JAN CADIEUX: On parle souvent de 2-3 équipes favorites. Mais c'est une grande erreur. En ce début de saison, on constate que chaque match est serré dans cette ligue. Six, voire sept équipes ont en réalité le potentiel d'aller chercher la Coupe. La profondeur du cadre jouera un grand rôle, et nous aurons notre mot à dire si on arrive à rester en santé.
RTSsport.ch: A ce propos, les pépins physiques récurrents du gardien Gauthier Descloux ne sont-ils pas un sujet d'inquiétude?
JAN CADIEUX: Oui et non. Il a subi quelques blessures, et ça peut déranger, ou faire peur. Mais j'ai vu comment Gauthier a travaillé durant les 9 derniers mois, et je sais qu'il est en forme. Il a récemment eu une petite alerte, mais ce n'est rien de grave. Avec Robert Mayer, on peut compter sur un très bon 2e gardien, donc cela nous donne le temps de le soigner comme il faut.
RTSsport.ch: Un mot sur Yorick Treille, votre assistant. Vous aviez évolué aux côtés du Français de 2005 à 2007 aux Vernets.
JAN CADIEUX: Notre relation remonte même à plus longtemps que cela. On était à l'école ensemble au Canada (réd: et dans l'équipe de Notre Dame, au Saskatchewan) à l'âge de 18 ans en 1997/98. Nous étions amis lorsque nous étions plus jeunes, désormais notre relation est davantage professionnelle. J'ai beaucoup de respect pour lui, il a de grandes qualités. Il y a de fortes chances qu'il devienne un bon entraîneur en chef à l'avenir.
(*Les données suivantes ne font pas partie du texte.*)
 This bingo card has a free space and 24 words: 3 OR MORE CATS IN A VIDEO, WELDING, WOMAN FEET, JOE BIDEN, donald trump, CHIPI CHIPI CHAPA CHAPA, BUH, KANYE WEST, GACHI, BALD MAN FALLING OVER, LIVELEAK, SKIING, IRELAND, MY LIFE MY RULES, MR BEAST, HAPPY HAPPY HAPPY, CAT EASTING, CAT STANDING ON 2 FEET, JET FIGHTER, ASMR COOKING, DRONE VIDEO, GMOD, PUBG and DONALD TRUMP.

Propos recueillis par Michaël Taillard / Vidéo réalisée par Miguel Bao
"J'ai grandi avec cette étiquette d'être le "fils de"
RTSsport.ch: Votre père, le légendaire Paul-André Cadieux, a entraîné GE-Servette de 1987 à 1989, puis de 1999 à 2001. Vous occupez désormais le même poste. C'est plutôt inédit dans l'histoire du hockey suisse!
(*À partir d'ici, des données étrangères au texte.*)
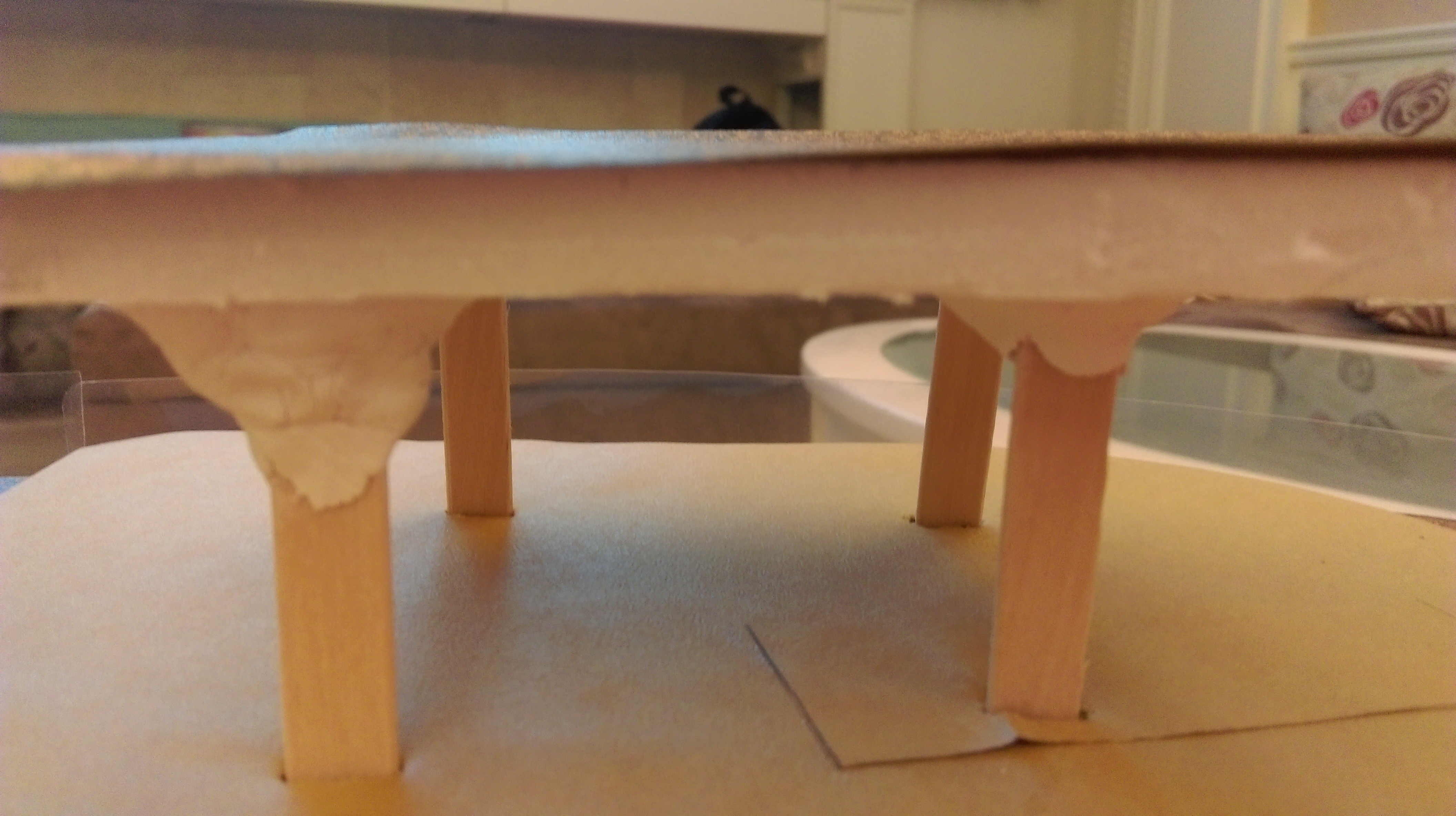 最後我們再試另一種方法。這次我們用另一張紙一前一後摺出像扇子一樣, 放在甲板下, 再放另一張紙放在摺紙下(如圖)。這種類型的橋就是所謂的吊橋。紐約著名的布魯克林橋就是這種類型的喔。

JAN CADIEUX: C'est surtout une belle histoire pour vous, les journalistes! J'ai grandi avec cette étiquette d'être le "fils de". Mais ça fait longtemps que je n'y prête plus attention. Je ne sais pas si ce cas de figure est unique, j'espère ne pas être un précurseur. Si c'est le cas, ça n'occupe pas du tout mes pensées.
"J'écoute mon père, mais je veux faire les choses à ma manière"
RTSsport.ch: Discutez-vous régulièrement entre vous de votre job?
JAN CADIEUX: Oui, cela remonte à ma carrière de joueur. A l'époque, j'avais 2 entraîneurs: celui en club... et mon père! Il me sermonnait après chaque match qu'il voyait. Encore maintenant, il me donne son avis. Je l'écoute, mais je veux écrire ma propre histoire, et faire les choses à ma manière.
"Chris McSorley m'a beaucoup marqué"
RTSsport.ch: Quel entraîneur vous a-t-il le plus influencé?
JAN CADIEUX: Mon père ne m'a jamais coaché, donc je ne peux pas vraiment le citer. Mais il m'a quand même transmis ses valeurs: le travail, et l'exigence envers soi-même. Chris McSorley m'a également beaucoup marqué. C'est l'entraîneur sous les ordres duquel j'ai passé le plus de temps. Avec lui, je retrouvais quelqu'un ayant exactement les mêmes valeurs que mon père.